*Aim of the exercise*
For every line below, restate it exactly and drop the images.
#### Collected data ####
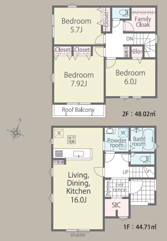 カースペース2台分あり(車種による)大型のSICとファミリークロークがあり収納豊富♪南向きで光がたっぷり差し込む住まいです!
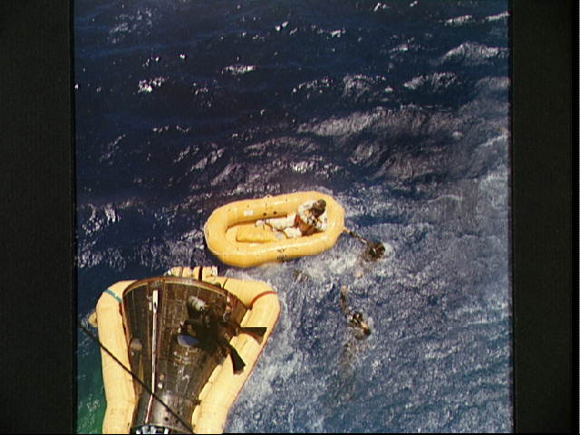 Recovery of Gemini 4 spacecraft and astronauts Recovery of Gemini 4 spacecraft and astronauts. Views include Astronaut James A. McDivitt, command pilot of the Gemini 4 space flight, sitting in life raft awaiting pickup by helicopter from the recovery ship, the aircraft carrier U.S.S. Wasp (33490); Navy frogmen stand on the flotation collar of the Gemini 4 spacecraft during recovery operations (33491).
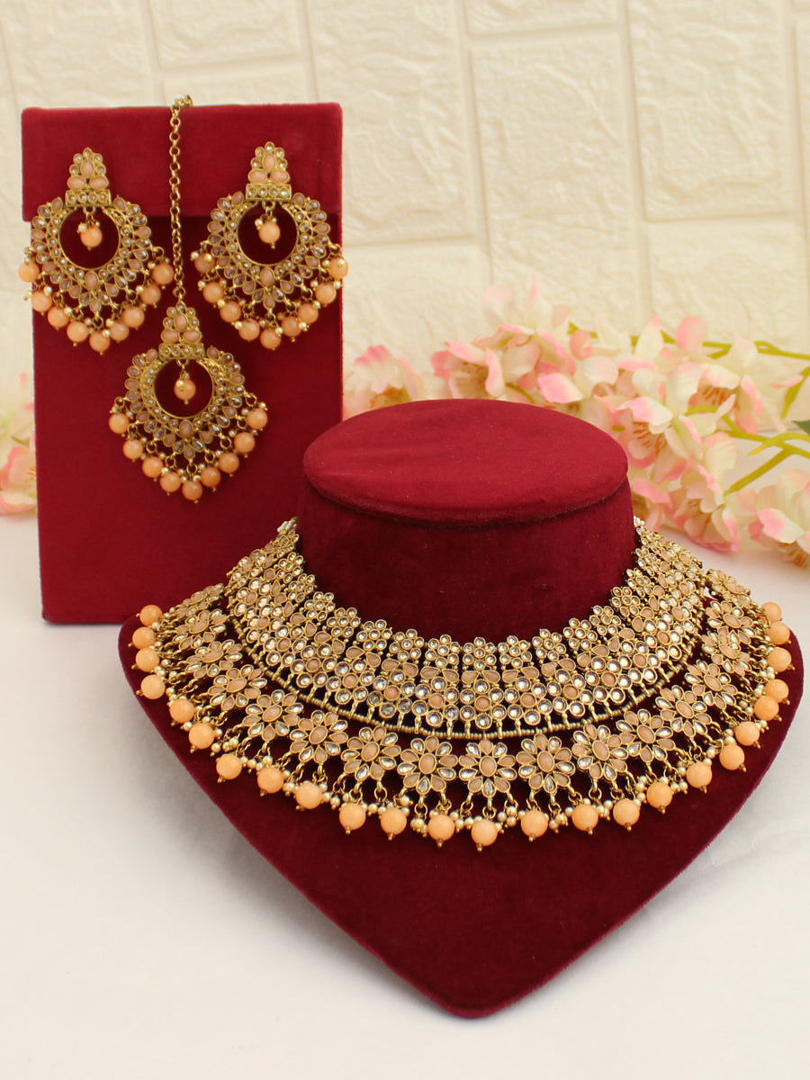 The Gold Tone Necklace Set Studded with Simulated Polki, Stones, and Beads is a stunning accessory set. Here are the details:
####
*Answer box*
 カースペース2台分あり(車種による)大型のSICとファミリークロークがあり収納豊富♪南向きで光がたっぷり差し込む住まいです!
 Recovery of Gemini 4 spacecraft and astronauts Recovery of Gemini 4 spacecraft and astronauts. Views include Astronaut James A. McDivitt, command pilot of the Gemini 4 space flight, sitting in life raft awaiting pickup by helicopter from the recovery ship, the aircraft carrier U.S.S. Wasp (33490); Navy frogmen stand on the flotation collar of the Gemini 4 spacecraft during recovery operations (33491).
 The Gold Tone Necklace Set Studded with Simulated Polki, Stones, and Beads is a stunning accessory set. Here are the details:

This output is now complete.